The gas outlet end of the first adsorption tower 21 is connected with the gas inlet end of the second adsorption tower 22 through a fifth pipeline (H-I in the figure), the gas outlet end of the second adsorption tower 22 is connected with the gas inlet end of the first adsorption tower 21 through a sixth pipeline (J-K in the figure), the fifth pipeline is connected with a fifth electromagnetic valve 27, and the sixth pipeline is connected with a sixth electromagnetic valve 28.
The utility model discloses can be through setting up first adsorption tower 21, second adsorption tower 22, carry out first adsorption tower 21 or the adsorption effect of second adsorption tower 22 exclusive use experimental to and get into second adsorption tower 22 behind the first adsorption tower 21 earlier, first adsorption tower 21 behind the second adsorption tower 22 earlier, and first adsorption tower 21 and second adsorption tower 22 adsorption effect simultaneously, five kinds of experiments.

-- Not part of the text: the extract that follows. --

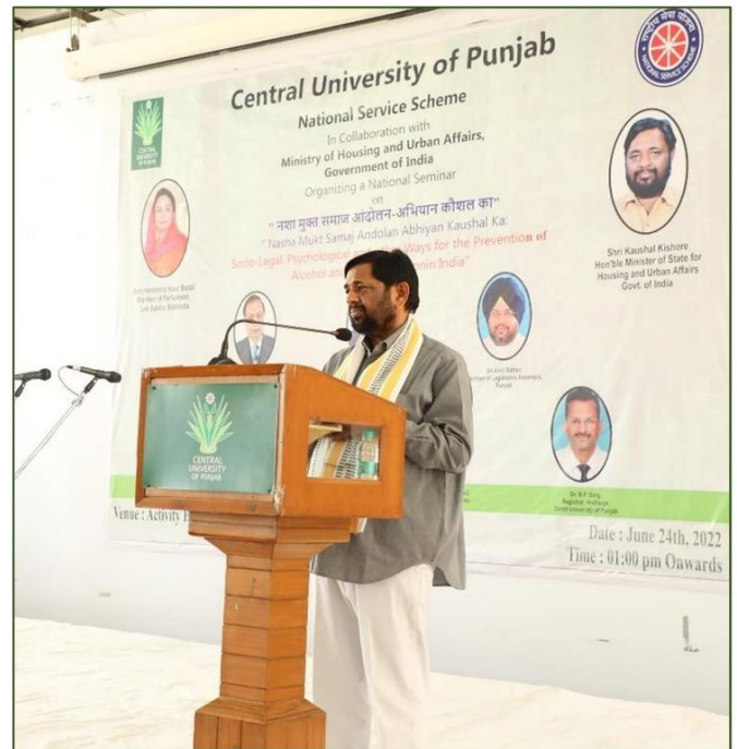
Hon'ble Minister of State for Housing and Urban Affairs Shri Ksuahal Kishore addressing the participants

youngsters to enjoy addiction to good habits and stay away from drug abuse.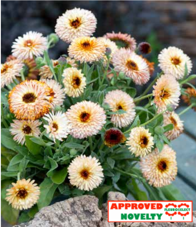
CA0803 CALENDULA officinalis 'Pygmy Buff'

(SAHIN 2021) FS-N 2020 unique buff reverse petals on apricot, double flowers

Satisfy multiple experimental demand, still can expand in the actual process, if the adsorption tower subassembly is three adsorption towers, still presents the parallelly connected and relation of establishing ties each other between the adsorption tower, then can realize the test mode more than 10, expansibility is strong, uses in a flexible way.
Furthermore, the adsorption tower is filled with an adsorbent. If the first adsorption tower 21 is filled with the first adsorbent and the second adsorption tower 22 is filled with the second adsorbent, different substances can be placed in each adsorption tower in a layered mode, so that the test adsorption effect under various conditions is further expanded, and testers can find the optimal adsorption way.
The air outlet pipe also comprises a seventh electromagnetic valve 5, and the seventh electromagnetic valve 5 is positioned at the front end of the detector 3.
The gas flow meter is characterized by further comprising a gas flow meter 6, wherein the gas flow meter 6 is connected to a pipeline at the gas inlet end of the detector 3.
The flow rate entering the detector is controlled by the gas flowmeter 6, only a small amount of gas is controlled to enter the detector 3 for detection, and the detection accuracy is improved.
The following test functions may be provided in the present embodiment:
independent adsorption tower test: performing an adsorption effect test on only the first adsorbent in the first adsorption tower 21; the adsorption effect test was performed only on the first adsorbent in the second adsorption tower 22;
series adsorption tower test: the test of the adsorption effect of the first adsorbent and then the second adsorbent can be carried out; the test of the adsorption effect of the second adsorbent and then the first adsorbent can be carried out;
and (3) parallel adsorption tower test: the simultaneous adsorption effect test of the first adsorbent and the second adsorbent can be carried out.
(1) Only the first adsorbent in the first adsorption tower 21 was tested
The first electromagnetic valve 23, the third electromagnetic valve 25 and the seventh electromagnetic valve 5 are opened, other electromagnetic valves are closed, the flow of the gas flowmeter 6 is adjusted to be 300ml/min, SF6 gas containing C3F8 enters from the gas inlet 1, sequentially flows through the first electromagnetic valve 23, the first adsorption tower 21, the first adsorbent, the third electromagnetic valve 25 and the seventh electromagnetic valve 5, most of the adsorbed gas is directly led out from the gas outlet pipe from the gas outlet 4, a small amount of the adsorbed gas flows into the detector 3 through the gas flowmeter 6 to detect the content of the C3F8 in the adsorbed gas, and the detected gas is also led out from the gas outlet 4.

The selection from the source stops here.